*** PROVIDED DATA ***

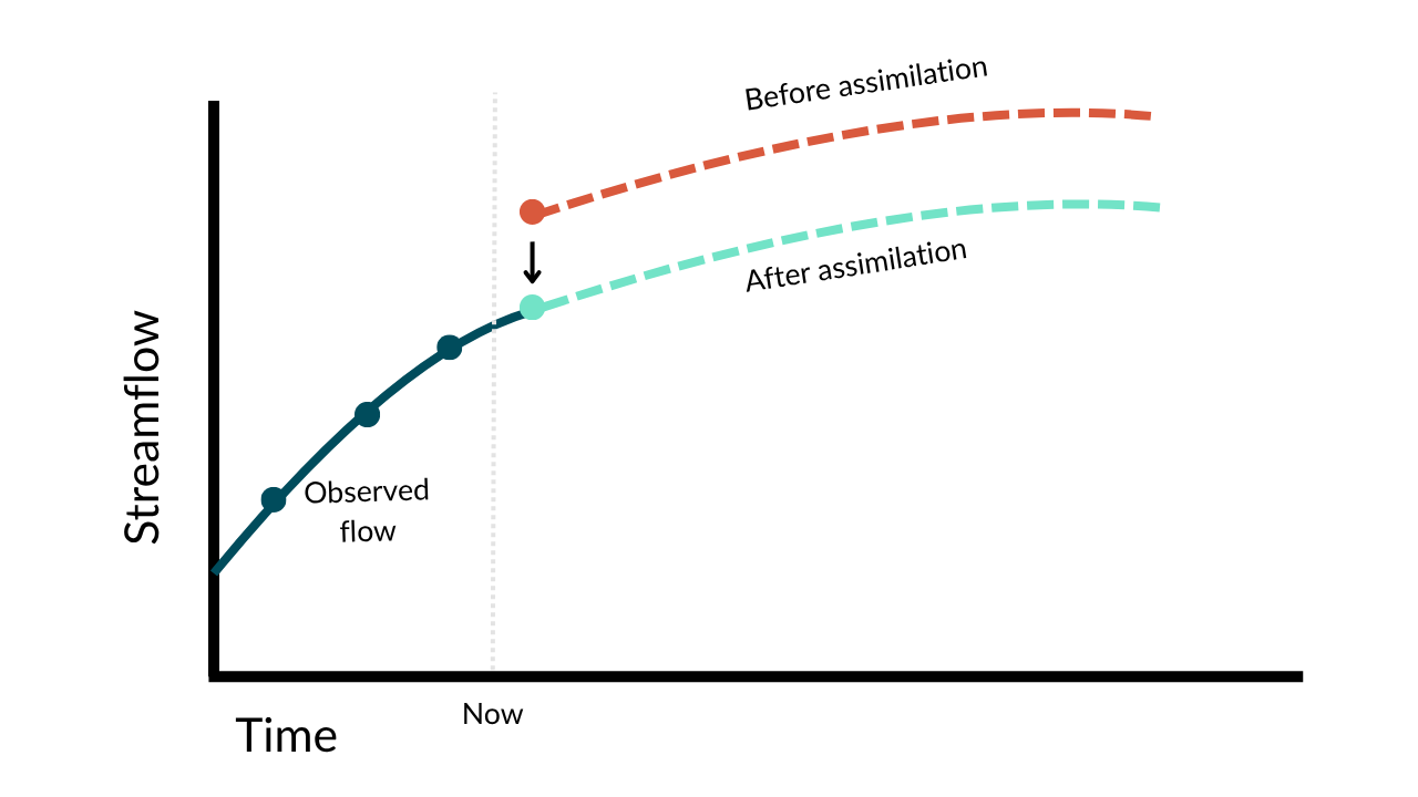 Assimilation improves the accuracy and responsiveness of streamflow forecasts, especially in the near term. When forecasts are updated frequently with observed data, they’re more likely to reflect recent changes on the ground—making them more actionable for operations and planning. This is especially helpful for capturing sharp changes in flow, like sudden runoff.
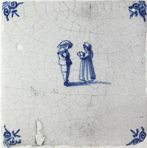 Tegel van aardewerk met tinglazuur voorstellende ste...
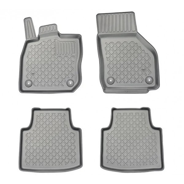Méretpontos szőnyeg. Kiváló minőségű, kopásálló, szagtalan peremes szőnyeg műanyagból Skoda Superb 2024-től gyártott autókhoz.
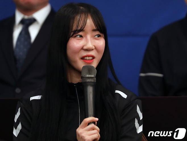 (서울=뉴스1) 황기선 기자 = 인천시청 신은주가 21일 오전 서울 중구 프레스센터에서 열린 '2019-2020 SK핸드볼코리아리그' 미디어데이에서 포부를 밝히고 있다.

*** End of PROVIDED DATA ***

*ASSIGNMENT*:
Would you output the listing above verbatim, without its pictures?

*ANSWER TO THIS TASK*:
 Assimilation improves the accuracy and responsiveness of streamflow forecasts, especially in the near term. When forecasts are updated frequently with observed data, they’re more likely to reflect recent changes on the ground—making them more actionable for operations and planning. This is especially helpful for capturing sharp changes in flow, like sudden runoff.
 Tegel van aardewerk met tinglazuur voorstellende ste...
Méretpontos szőnyeg. Kiváló minőségű, kopásálló, szagtalan peremes szőnyeg műanyagból Skoda Superb 2024-től gyártott autókhoz.
 (서울=뉴스1) 황기선 기자 = 인천시청 신은주가 21일 오전 서울 중구 프레스센터에서 열린 '2019-2020 SK핸드볼코리아리그' 미디어데이에서 포부를 밝히고 있다.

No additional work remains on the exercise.